Une concentration des inégalités
En 2024, l’éducation prioritaire regroupe une population scolaire fortement défavorisée. Il y a deux fois plus de collégiens issus de familles défavorisées en REP+ : 70 % des collégiens en REP+ sont issus de familles ouvrières ou inactives, contre 35 % dans les collèges publics hors éducation prioritaire. Dans le privé sous contrat, cette concentration sociale est absente : aucun collège n’y scolarise une majorité d’élèves défavorisés.
La dernière synthèse de la DEPP confirme cette ségrégation sociale. 83 % des collèges REP+ accueillent une majorité d’élèves de milieu défavorisé, contre 32 % en REP, 2 % hors Education prioritaire, et aucun dans le secteur privé. Ces écarts se traduisent aussi par des stratégies d’évitement : dès 2018, 22 % des élèves résidant en zone REP+ optaient pour un autre collège public que celui de leur secteur, soit deux fois plus que hors éducation prioritaire (11 %). A noter que ce chiffre n’a pas été mis à jour depuis.

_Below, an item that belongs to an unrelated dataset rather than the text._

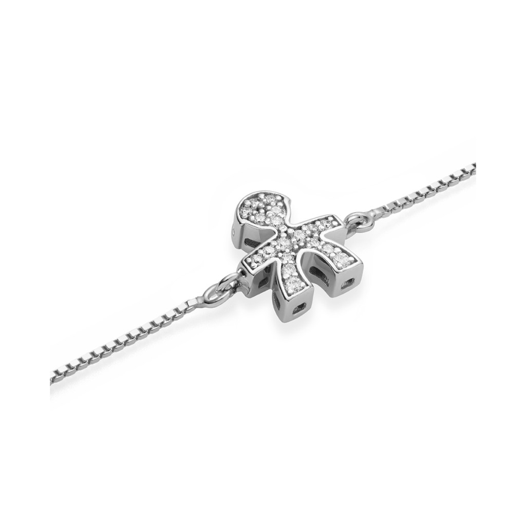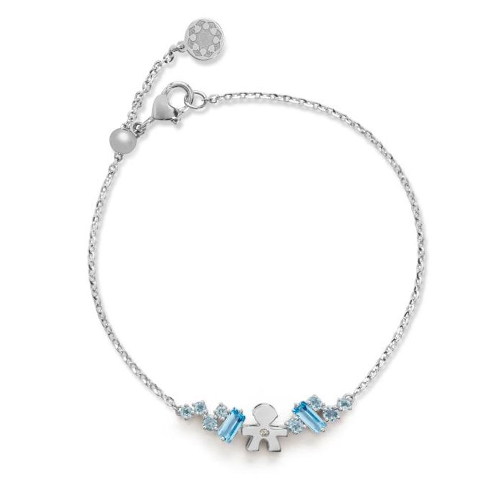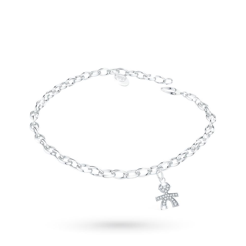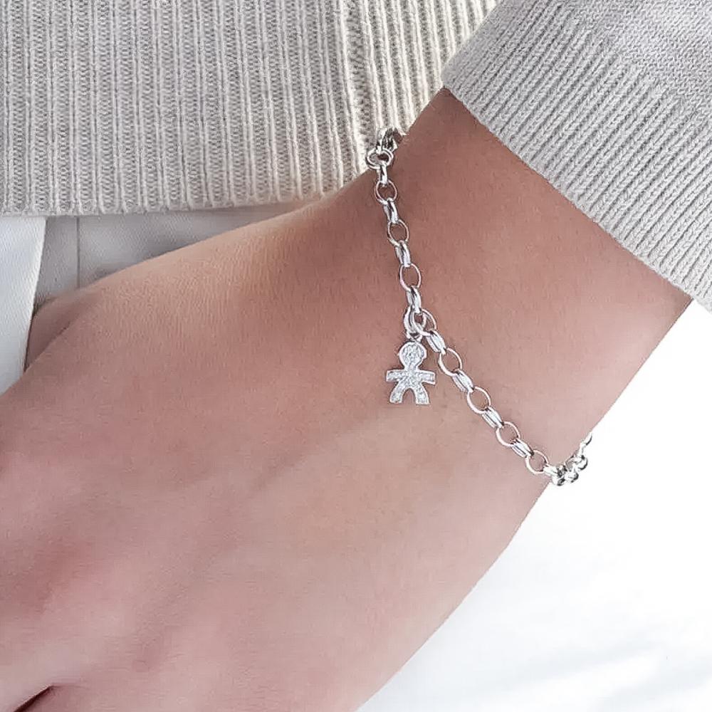 Bracciale leBebe LBB072 bimbo oro bianco diamanti 0,05ct. Il bracciale in oro che stai osservando è una creazione esclusiva firmata leBebe. Questo gioiello è realizzato con una catena rolò d'oro bianco 18kt e un ciondolo con sagoma di bimbo anch'esso d'oro bianco 18kt. Il peso complessivo del bracciale è di 4,5 grammi, ed ha 0,05ct di diamanti con taglio rotondo a brillante posizionati per impreziosire il ciondolo maschietto. La chiusura è una pratica chiusura a moschettone, solida e facile da chiudere. La gioielleria Cicala è rivenditore autorizzato leBebe: acquistando questo gioiello lo riceverai con la scatola e la garanzia ufficiale. La spedizione è coperta da un'assicurazione gratuita offerta da Cicala.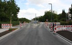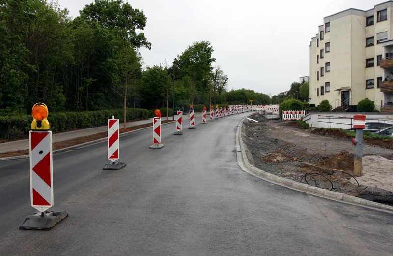 Bis auf die Gehwegbereiche um den neuen Kreisel sind die Bauarbeiten im 6. Bauabschnitt soweit abgeschlossen. Die finale Asphaltschicht ist eingebracht, so dass die

Des écarts de performance dès le primaire
Les inégalités apparaissent dès l’entrée en CP, notamment en compréhension orale. En mathématiques, l’écart de niveau entre les élèves hors éducation prioritaire et ceux en REP+ est particulièrement marqué en résolution de problèmes : 24,5 points d’écart. De leur côté, les élèves du secteur privé présentent de meilleurs résultats que ceux du public dans toutes les disciplines évaluées. Des résultats à relativiser, soulignent les auteurs, en raison d’une structure sociale plus favorisée dans le privé.
Cependant, certains progrès sont observés. En anglais, les élèves scolarisés dans les écoles les plus défavorisées enregistrent une nette amélioration par rapport à 2016 : +15 points en compréhension orale et +13 points en compréhension écrite.
Des parcours scolaires marqués par l’origine sociale
Les difficultés scolaires persistantes pèsent lourdement sur l’orientation. En 2024, seuls 52 % des élèves de 3e en REP+ et 58 % en REP rejoignent une seconde générale ou technologique, contre 64 % hors éducation prioritaire. De plus, 25 % des collèges REP+ disposent simultanément d’une Segpa, d’une ULIS et d’une UPE2A, contre 14 % en REP, 4 % hors EP, et moins de 1 % dans le privé.
Si ces établissements offrent parfois des classes à horaires aménagés, des sections sportives ou linguistiques, l’enseignement du latin et du grec y est beaucoup moins fréquent. L’absentéisme y est également plus élevé : 13 % en REP+, contre 4 % hors EP.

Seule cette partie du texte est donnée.